[ENTRIES PROVIDED]
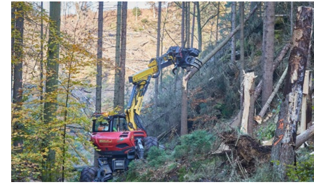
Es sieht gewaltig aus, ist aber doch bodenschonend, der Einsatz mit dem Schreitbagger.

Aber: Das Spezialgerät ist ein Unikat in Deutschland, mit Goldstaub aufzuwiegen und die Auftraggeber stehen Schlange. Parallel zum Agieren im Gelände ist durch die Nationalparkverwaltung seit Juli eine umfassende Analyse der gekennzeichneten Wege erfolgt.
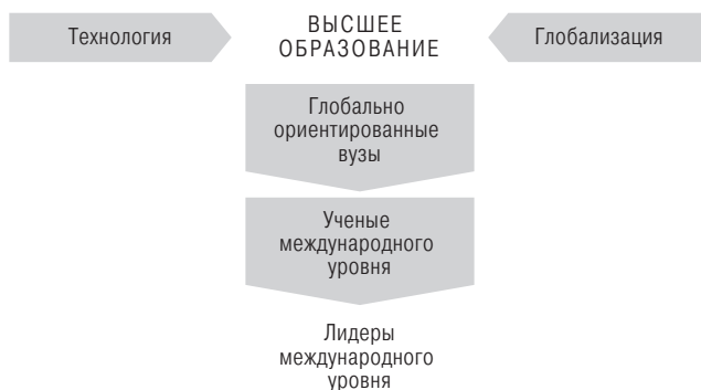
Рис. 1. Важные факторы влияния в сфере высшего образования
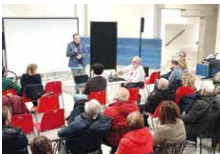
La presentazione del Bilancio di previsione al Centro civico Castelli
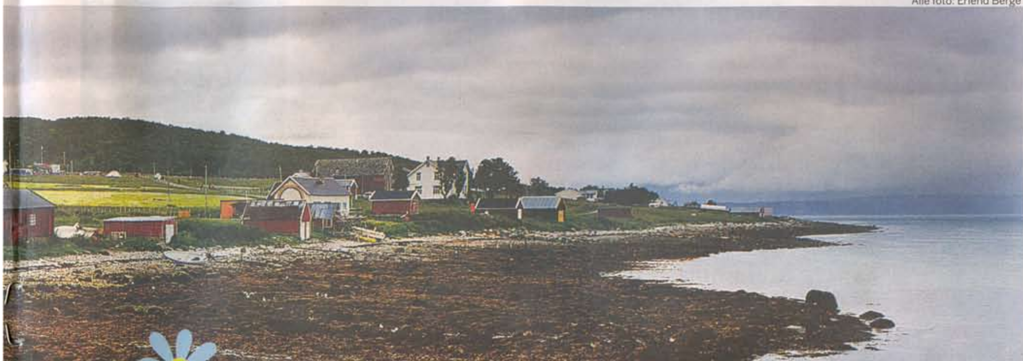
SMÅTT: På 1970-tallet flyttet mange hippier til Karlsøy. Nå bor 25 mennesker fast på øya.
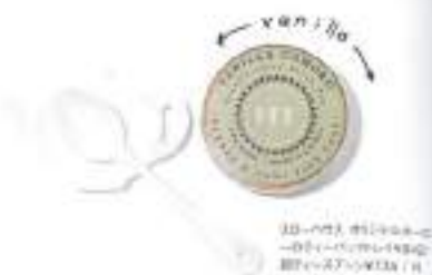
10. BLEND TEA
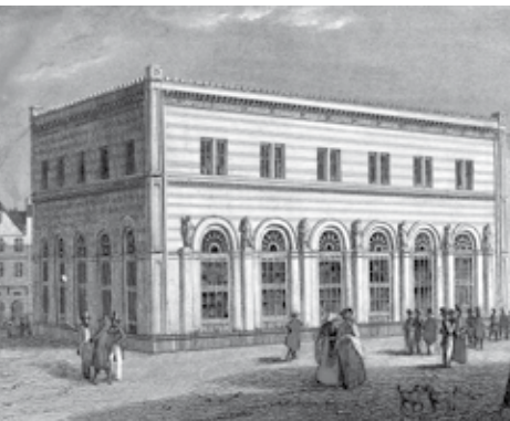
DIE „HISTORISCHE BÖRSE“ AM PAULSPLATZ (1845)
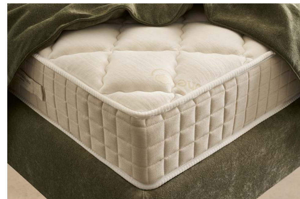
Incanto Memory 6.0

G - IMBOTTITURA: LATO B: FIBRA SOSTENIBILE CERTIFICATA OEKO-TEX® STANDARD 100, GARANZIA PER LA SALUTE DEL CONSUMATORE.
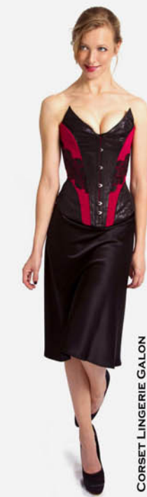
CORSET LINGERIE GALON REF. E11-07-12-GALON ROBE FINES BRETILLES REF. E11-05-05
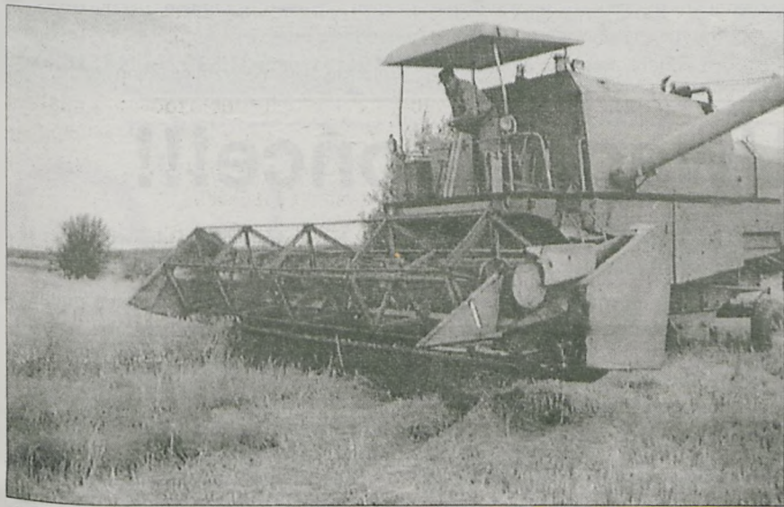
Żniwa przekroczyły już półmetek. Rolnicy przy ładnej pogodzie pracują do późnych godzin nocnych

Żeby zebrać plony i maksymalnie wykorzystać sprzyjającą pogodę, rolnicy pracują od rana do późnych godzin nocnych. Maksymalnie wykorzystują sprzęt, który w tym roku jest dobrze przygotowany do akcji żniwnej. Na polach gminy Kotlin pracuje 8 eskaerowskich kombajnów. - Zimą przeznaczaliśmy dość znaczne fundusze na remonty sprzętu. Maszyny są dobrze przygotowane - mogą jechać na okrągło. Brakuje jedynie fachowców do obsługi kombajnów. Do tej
[/ENTRIES PROVIDED]
A verbatim transcript of the entries above is required, with the pictures left out.

Es sieht gewaltig aus, ist aber doch bodenschonend, der Einsatz mit dem Schreitbagger.

Aber: Das Spezialgerät ist ein Unikat in Deutschland, mit Goldstaub aufzuwiegen und die Auftraggeber stehen Schlange. Parallel zum Agieren im Gelände ist durch die Nationalparkverwaltung seit Juli eine umfassende Analyse der gekennzeichneten Wege erfolgt.
Рис. 1. Важные факторы влияния в сфере высшего образования
La presentazione del Bilancio di previsione al Centro civico Castelli
SMÅTT: På 1970-tallet flyttet mange hippier til Karlsøy. Nå bor 25 mennesker fast på øya.
10. BLEND TEA
DIE „HISTORISCHE BÖRSE“ AM PAULSPLATZ (1845)
Incanto Memory 6.0

G - IMBOTTITURA: LATO B: FIBRA SOSTENIBILE CERTIFICATA OEKO-TEX® STANDARD 100, GARANZIA PER LA SALUTE DEL CONSUMATORE.
CORSET LINGERIE GALON REF. E11-07-12-GALON ROBE FINES BRETILLES REF. E11-05-05
Żniwa przekroczyły już półmetek. Rolnicy przy ładnej pogodzie pracują do późnych godzin nocnych

Żeby zebrać plony i maksymalnie wykorzystać sprzyjającą pogodę, rolnicy pracują od rana do późnych godzin nocnych. Maksymalnie wykorzystują sprzęt, który w tym roku jest dobrze przygotowany do akcji żniwnej. Na polach gminy Kotlin pracuje 8 eskaerowskich kombajnów. - Zimą przeznaczaliśmy dość znaczne fundusze na remonty sprzętu. Maszyny są dobrze przygotowane - mogą jechać na okrągło. Brakuje jedynie fachowców do obsługi kombajnów. Do tej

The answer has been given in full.